The Monotype system is a system for printing by hot-metal typesetting from a keyboard. The two most significant differences from the competing Linotype machine are that
- it is divided into two machines, the Monotype keyboard and the Monotype caster, which communicate by perforated paper tape. It is not necessary to have the same number of each machine.
- the Monotype caster casts individual letters, which are assembled into lines in a fashion similar to classical movable type. This requires a more complex high-speed water-cooled casting mold, but only requires one matrix per possible character.

A Monotype operator enters text on a Monotype keyboard, on which characters are arranged in the QWERTY arrangement of a conventional typewriter, but with this arrangement repeated multiple times. Thus, the typesetter moves his hands from one group of keys to another to type uppercase or lowercase, small capitals, italic uppercase or italic lowercase, and so on.
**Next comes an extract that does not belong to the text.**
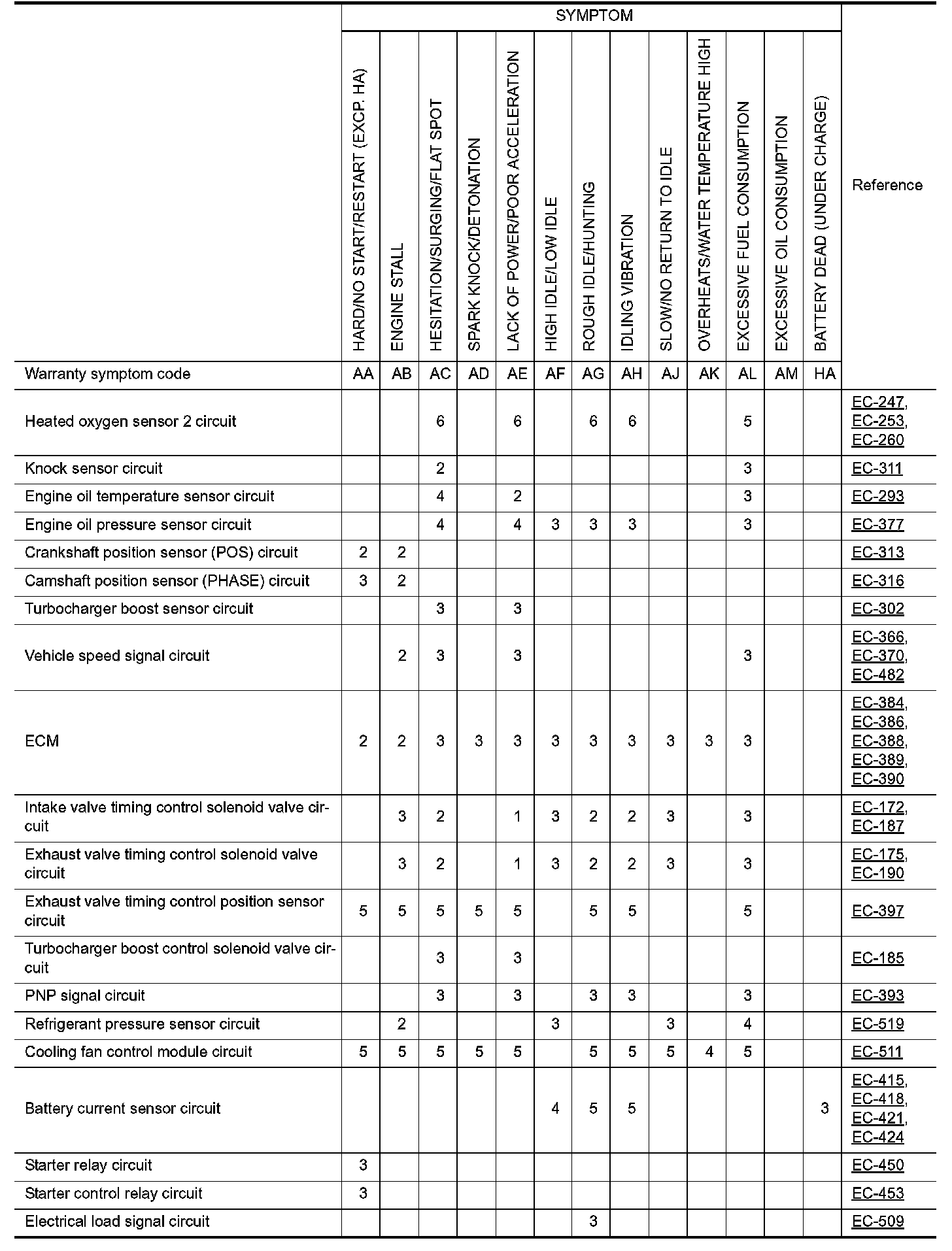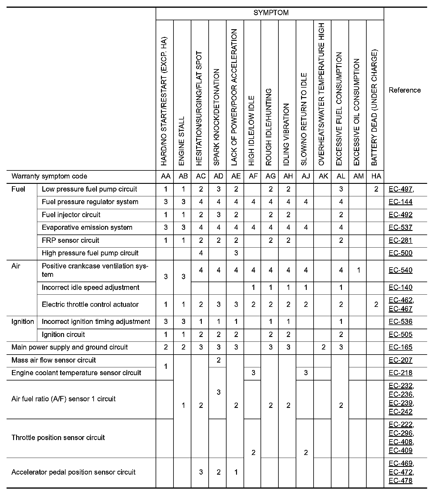 Symptom Table

When the text nears the right margin, a drum on the keyboard indicates codes which are punched on the paper tape with special keys to indicate how the line is to be justified. The tape is then taken to a Monotype caster, which reads the tape and produces a column of justified type from which the text entered on the keyboard can be printed.

==History==
In 1885, the American inventor Tolbert Lanston applied for a patent on a typesetting system that included the basic Monotype keyboard, but which produced a printing surface through a cold-stamping method. In 1890, he filed a subsequent patent, which covered the Monotype caster.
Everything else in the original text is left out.